The analysis of Big Data provides information into past, present, and future statistics that could be used to make better decisions, and usually it is classified into data analytics and data science both of which are interconnected. 17 While data analytics focuses on present and past data collection and interpretation, data science involves the use of explorative analytics to predict the future. 18 Reports that influenza outbreaks in the United States could be predicted by Google at least 7–10 days before the Centre for Disease Control (CDC) by monitoring phrases associated with common searches for the onset of influenza made a lot of people realize the potential of analysing large data sets. 19

Comparison between data science and data analytics. Source:. 17 .
Arthur Samuels definition of machine learning (ML) is often quoted because of its simplicity, even though it aptly communicates the rudiments of this concept. He describes it as a field of study in which machines/computers are taught to learn without being programmed. 20 Essentially, it involves the development of algorithms into which big data is fed for the purpose of solving a particular task. The machine/computer would utilize this data and ‘learn’ from it; hence, data could be seen as an experience which is directly proportional to its human-like efficiency. 21 There are broadly four types of machine learning algorithm which include supervised machine learning, unsupervised, semi-supervised and reinforcement. Regression and Classification are the two fundamental types of supervised ML, they require ‘supervision’ as past labelled data is being ‘fed’ into the algorithm to make future predictions. 22 Examples of algorithms that fall within this category include linear regression, logistic regression, support vector machines and a practical example of their implementation is predicting the acceptance of new digital health tools in a hospital based on the different fields or disciplines of staff.

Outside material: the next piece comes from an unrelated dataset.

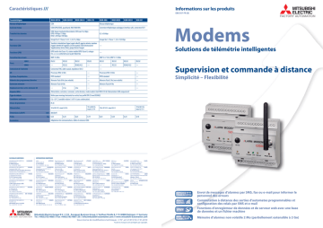 Caractéristiques /// Informations sur les produits EBG187-FR (B) MITSUBISHI ELECTRIC FACTORY AUTOMATION Caractéristiques MAM-GM106 Réseau téléphonique GSM Réseau téléphonique Accès au réseau GSM/GPRS/EDGE, quad band, 900/1800 MHz Connexion téléphonique analogique (interface a/b), connecteur RJ11 Transfert des données GSM: liaison montante/descendante CSD maxi 14,4 kbps : GPRS: 40 kbps/13 kbps EDGE: 220 kbps/100 kbps 0,3 à 56 kbps Fax Groupe fax 3 / Classes 1 et 2 ; 2,4 à 14,4 kbps Groupe fax 3 / Classe 1 ; 2,4 à 14,4 kbps Fonctions GSM Transfert et interdiction d’appel, appel collectif, appel en attente, maintien d’appel, identité de l’appelant, avis de taxation, USSD (Unstructured Supplementary Service Data), groupe fermé d’usagers — Fonctions GPRS GPRS multi-slot Classe 10, station mobile GPRS Classe B, codages CS1, 2, 3, 4, conformité avec la pile SMG31bis — Correction des erreurs MNP, V.42bis MNP 2-4 / V.42, MNP 5 / V.42bis Ports MAM-GM420 MAM-GM424 MIM-G10 MAM-AM6 MAM-AM20 MAM-AM24 MIM-A01 Solutions de télémétrie intelligentes COM1 RS232 RS232 RS232 RS232 RS232 RS232 RS232 RS232 COM2 — RS232 RS485/422 — — RS232 RS485/422 — — Processeur RISC 32 bits Connexion de l’antenne Connecteur FME, câble coaxial, impédance 50 W UC Processeur RISC 32 bits Système d’exploitation RTOS standard — RTOS standard — Mémoire des programmes/données Mémoire Flash 8 Mo (non volatile) — Mémoire Flash 2 Mo (non volatile) — Extension mémoire Mémoire Flash 64 Mo Emplacement des cartes mémoire SD — Voyants (DEL) Alimentation, exécution, connexion, sortie données, mode modem (état MIM-G10 de l’alimentation GSM uniquement) Type de châssis Boîtier pour montage horizontal ou vertical sur profilé DIN 35 mm EN50022 Conditions ambiantes 0 à +50 °C, humidité relative 5 à 95 % (sans condensation) Classe de protection IP 20 Alimentation 10 à 30 V CC, maxi 0,25 A Dimensions (LxHxP) Poids REPRESENTATIONS EUROPEENNES MITSUBISHI ELECTRIC EUROPE B.V. ALLEMAGNE Gothaer Straße 8 D-40880 Ratingen Tél: +49 (0)2102 / 486-0 MITSUBISHI ELECTRIC EUROPE B.V. ESPAGNE Carretera de Rubí 76-80 E-08190 Sant Cugat del Vallés (Barcelona) Tél: 902 131121 // +34 935653131 MITSUBISHI ELECTRIC EUROPE B.V. FRANCE 25, Boulevard des Bouvets F-92741 Nanterre Cedex Tél: +33 (0)1 / 55 68 55 68 MITSUBISHI ELECTRIC EUROPE B.V. ITALIE Viale Colleoni 7 I-20041 Agrate Brianza (MB) Tél: +39 039 / 60 53 1 MITSUBISHI ELECTRIC EUROPE B.V. POLOGNE Ul. Krakowska 50 PL-32-083 Balice Tél: +48 (0)12 / 630 47 00 MITSUBISHIELECTRICEUROPEB.V. RÉP. TCHÈQUE Radlická 714/113a CZ-158 00 Praha 5 Tél: +420 (0)251 551 470 MITSUBISHI ELECTRIC EUROPE B.V. UK Travellers Lane UK-Hatfield, Herts. AL10 8XB Tél: +44 (0)1707 / 27 61 00 GEVA AUTRICHE Wiener Straße 89 AT-2500 Baden Tél: +43 (0)2252 / 85 55 20 TEHNIKON BELARUSSIE Oktyabrskaya 16/5, Off. 703-711 BY-220030 Minsk Tél: +375 (0)17 / 210 46 26 ESCO D & A BELGIQUE Culliganlaan 3 BE-1831 Diegem Tél: +32 (0)2 / 717 64 30 Koning & Hartman b.v. BELGIQUE Woluwelaan 31 BE-1800 Vilvoorde Tél: +32 (0)2 / 257 02 40 INEA BH d.o.o. BOSNIE-HERZÉG. Aleja Lipa 56 BA-71000 Sarajevo Tél: +387 (0)33 / 921 164 AKHNATON BULGARIE 4 Andrej Ljapchev Blvd. Pb 21 BG-1756 Sofia Tél: +359 (0)2 / 817 6004 INEA CR d.o.o. CROATIE Losinjska 4 a HR-10000 Zagreb Tél: +385 (0)1 / 36 940 - 01/ -02/ -03 FACTORY AUTOMATION — — Mémoire Flash 64 Mo — — — — 10 à 30 V CC, maxi 0,15 A 10 à 30 V CC, maxi 0,2 A 0,19 0,24 Supervision et commande à distance Simplicité – Flexibilité 10 à 30 V CC, maxi 0,15 A 0,24 0,24 0,24 0,24 0,18 Adaptateurs de communications, câbles et antennes GSM. SUCCURSALES EUROPEENNES MITSUBISHI ELECTRIC 2 Go — mm 88x58x91 kg 0,24 Accessoires 2 Go Modems Beijer Electronics A/S DANEMARK Lykkegårdsvej 17, 1. DK-4000 Roskilde Tél: +45 (0)46/ 75 76 66 BeijerElectronicsEestiOÜ ESTONIE Pärnu mnt.160i EE-11317 Tallinn Tél: +372 (0)6 / 51 81 40 Beijer Electronics OY FINLANDE Jaakonkatu 2 FIN-01620 Vantaa Tél: +358 (0)207 / 463 500 UTECO A.B.E.E. GRÉCE 5, Mavrogenous Str. GR-18542 Piraeus Tél: +30 211 / 1206 900 MELTRADE Ltd. HONGRIE Fertõ utca 14. HU-1107 Budapest Tél: +36 (0)1 / 431-9726 KAZPROMAUTOM.Ltd. KAZAKHSTAN Mustafina Str. 7/2 KAZ-470046 Karaganda Tél: +7 7212 / 50 11 50 Beijer Electronics SIA LETTONIE Vestienas iela 2 LV-1035 Riga Tél: +371 (0)784 / 2280 Beijer Electronics UAB LITUANIE Savanoriu Pr. 187 LT-02300 Vilnius Tél: +370 (0)5 / 232 3101 ALFATRADE Ltd. MALTE 99, Paola Hill Malta-Paola PLA 1702 Tél: +356 (0)21 / 697 816 INTEHSIS srl MOLDAWIE bld. Traian 23/1 MD-2060 Kishinev Tél: +373 (0)22 / 66 4242 Beijer Electronics AS NORVÉGE Postboks 487 NO-3002 Drammen Tél: +47 (0)32 / 24 30 00 HIFLEXAUTOM.TECHNIEKB.V. PAYS-BAS Wolweverstraat 22 NL-2984 CD Ridderkerk Tél: +31 (0)180 – 46 60 04 Koning&Hartmanb.v. PAYS-BAS Haarlerbergweg 21-23 NL-1101 CH Amsterdam Tél: +31 (0)20 / 587 76 00 AutoCont C.S. s.r.o. RÉP. TCHÈQUE Technologická 374/6 CZ-708 00 Ostrava-Pustkovec Tél: +420 595 691 150 RÉP. TCHÈQUE B:ELECTRIC, s.r.o. Mladoboleslavská 812 CZ-197 00 Praha 19 - Kbely Tél: +420 286 850 848 Sirius Trading & Services ROUMANIE Aleea Lacul Morii Nr. 3 RO-060841 Bucuresti, Sector 6 Tél: +40 (0)21 / 430 40 06 CraftCon.&Engineeringd.o.o. SERBIE BulevarSvetogCaraKonstantina80-86 SER-18106 Nis Tél: +381 (0)18 / 292-24-4/5 INEA SR d.o.o. SERBIE Izletnicka 10 SER-113000 Smederevo Tél: +381 (0)26 / 617 163 AutoCont Control s.r.o. SLOVAQUIE Radlinského 47 SK-02601 Dolny Kubin Tél: +421 (0)43 / 5868210 CSMTradeSlovensko,s.r.o. SLOVAQUIE Vajanskeho 58 SK-92101 Piestany Tél: +421 (0)33 / 7742 760 INEA d.o.o. SLOVÈNIE Stegne 11 SI-1000 Ljubljana Tél: +386 (0)1 / 513 8100 Beijer Electronics AB SUÈDE Box 426 SE-20124 Malmö Tél: +46 (0)40 / 35 86 00 Econotec AG SUISSE Hinterdorfstr. 12 CH-8309 Nürensdorf Tél: +41 (0)44 / 838 48 11 GTS TURQUIE Bayraktar Bulvari Nutuk Sok. No:5 TR-34775 Yukari ISTANBUL

Unsupervised ML involves the feeding of unlabelled data into an algorithm which tries to work on its own to discover patterns, clustering and dimensionality reduction are some major techniques used under this category. 23 Semi-supervised ML sits between the supervised and unsupervised methods and tries to strike a balance between the two, e.g., by combining labelled and pseudo-labelled sets of data to generate predictive and descriptive results which are characteristics of the first two algorithm types. In Data science, regression and classification are of primary importance. Python is the tool that is often used in machine learning, and in the analysis of health-related data, several steps must be followed. These steps include the importation of relevant libraries used in data science, such as scikit learn, pandas, numpy and matplotlib, then the importation of the data set. The data set would be cleaned, arranged, and properly filtered using these tools before being divided into training and testing sets. Usually, 80% of the data is used to train the algorithm model and 20% is used for testing, 24 subsequently predictions could be made and visualized using the libraries responsible for this function.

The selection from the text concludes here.